--- START ---
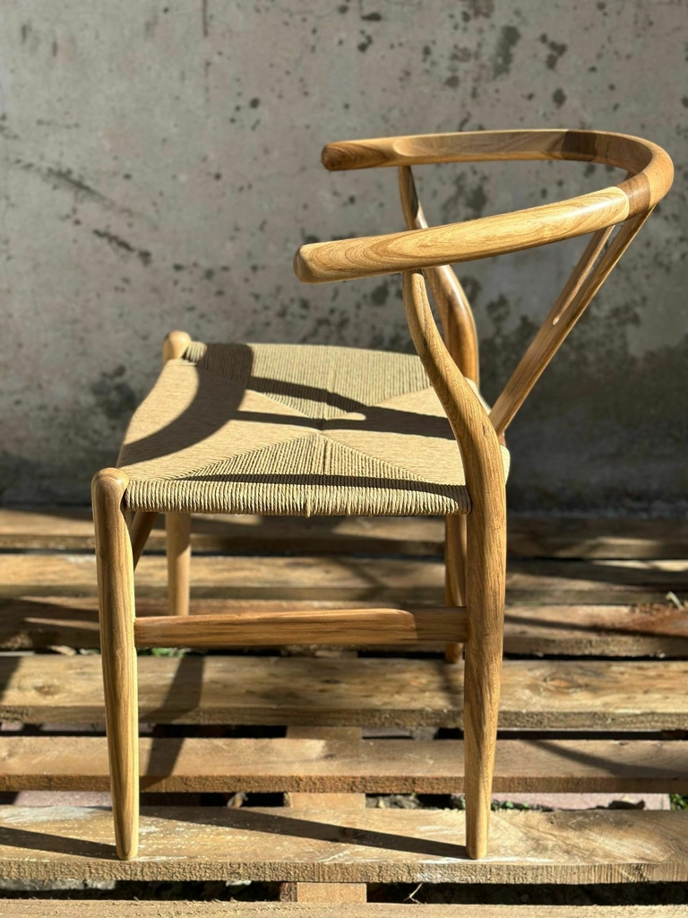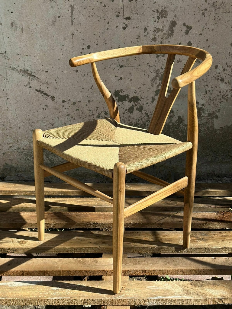Fabricado en madera maciza de Lenga o Petiribi, lustrado en taller con hidrolaca satinada, tejido en hilo kraft de la mejor calidad y durabilidad
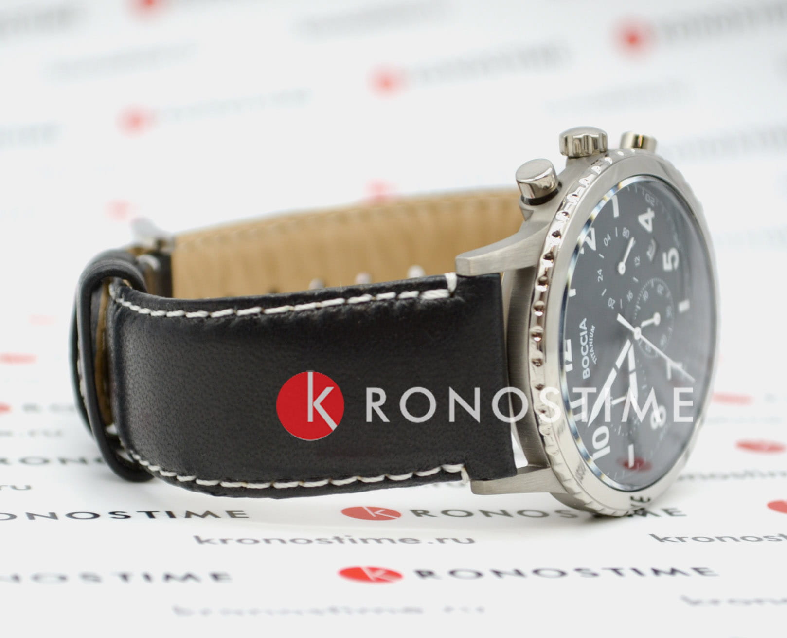 Мужские немецкие титановые часы-хронографХронографФункция позволяет измерять отрезки времени с особой точностью: часы, минуты, секунды. Верным признаком хронографа является наличие на циферблате 3 дополнительных окошек-счётчиков. с секундомеромСекундомерСекундоме́р — прибор, способный измерять интервалы времени с точностью до долей секунды. Boccia Titanium Circle-Oval 3745-01, кварцевый механизм с высокой точностью. Сапфировое стеклоСапфировое стеклоПрочный и надёжный материал из кристалла сапфира синтетического происхождения, характеризующийся особой твёрдостью и устойчивостью к царапинам и повреждениям. устойчивое к появлению царапин, обладающее высокой прозрачностью. Корпус изготовлен из титана. На цифрблате расположены три дополнительных индикатора и окошко даты. Стрелки с люминесцентным покрытиемЛюминесцентное покрытиеПозволяет считывать показания времени в темноте. Производители наносят на стрелки, часовые индексы, безель или поверхность циферблата светонакопительный состав, дающий холодное свечение.. Класс водозащиты: 50 метров, позволит защитить корпус от случайных брызг или капель дождя. Кожаный браслет на стандартной застежке.
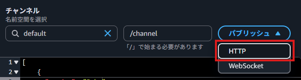 パブリッシュのプルダウンから HTTP を選択するとHTTPリクエストでメッセージが送信されます。
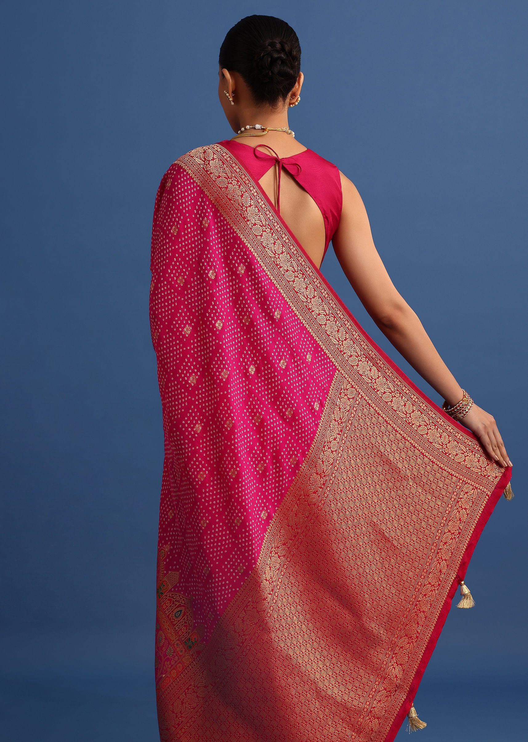 Rani Pink Banarasi Bandhani Satin Saree With Brocade Motifs On Border
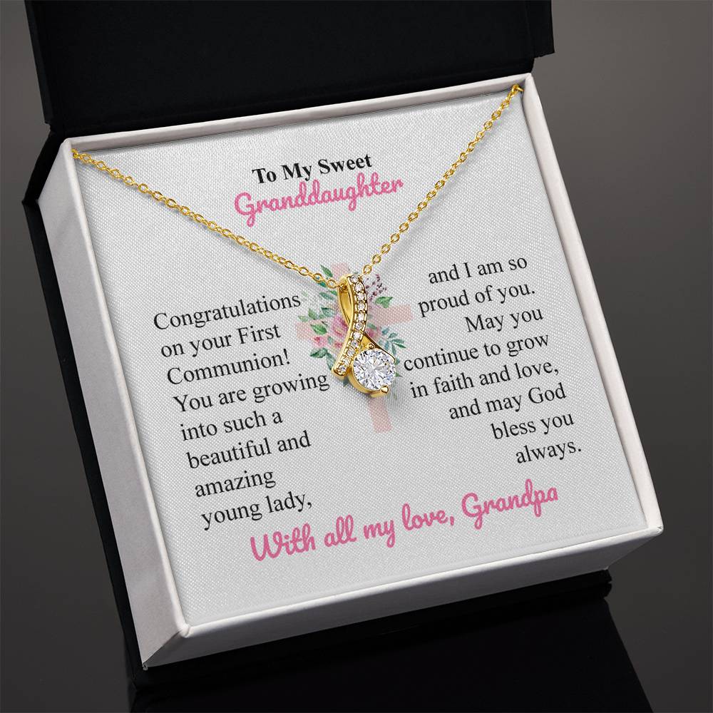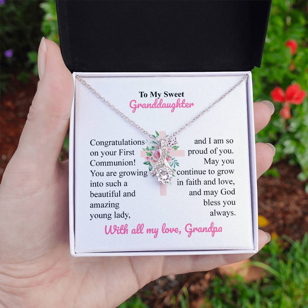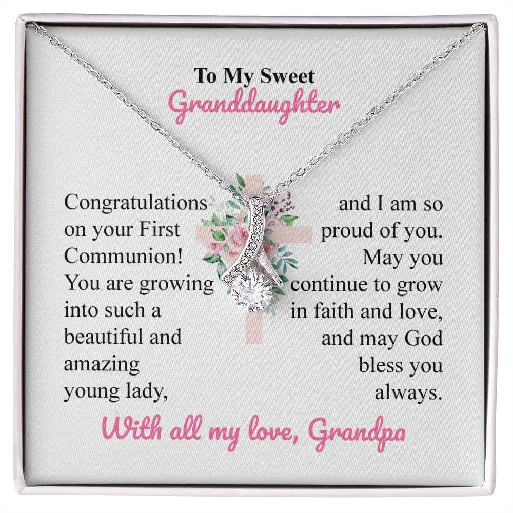 Mark your granddaughter First Communion by giving her a special gift that she will always remember. This fancy necklace is accompanied by a heartwarming message card sent by Grandpa, whose design is made in a floral cross pattern background- an excellent way to celebrate her special day of faith.
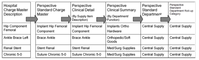 Mapping philosophy refers to the manner in which elements in one reporting level are grouped into a singular category in the next higher reporting level. Premier’s SPL provides four Comparative Reporting Levels (Hierarchies). The first level, the Perspective Standard Department, represents a hospital’s most common cost centers. The examples in this section illustrate the mapping philosophy in detail.
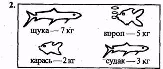 Обчислити загальну масу 6 щук і 3 коропів; 9 карасів і 8 судаків. На скільки більша маса 9 судаків, ніж 3 коропів? На скільки менша маса 7 карасів, ніж 5 щук?
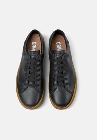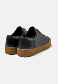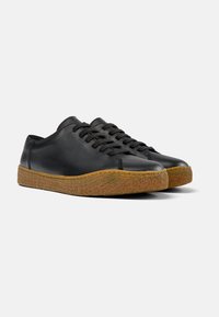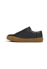 Baskets basses en cuir noir avec lacets noirs et semelle en caoutchouc gomme, vues de profil sur fond blanc.
--- END ---
◆ **Task objective**:
Using the records above, return verbatim only the part that opens with the line containing "Mapping philosophy refers" and closes with the line containing "Обчислити загальну масу"; pictures stay out.

◆ **Result below**:
 Mapping philosophy refers to the manner in which elements in one reporting level are grouped into a singular category in the next higher reporting level. Premier’s SPL provides four Comparative Reporting Levels (Hierarchies). The first level, the Perspective Standard Department, represents a hospital’s most common cost centers. The examples in this section illustrate the mapping philosophy in detail.
 Обчислити загальну масу 6 щук і 3 коропів; 9 карасів і 8 судаків. На скільки більша маса 9 судаків, ніж 3 коропів? На скільки менша маса 7 карасів, ніж 5 щук?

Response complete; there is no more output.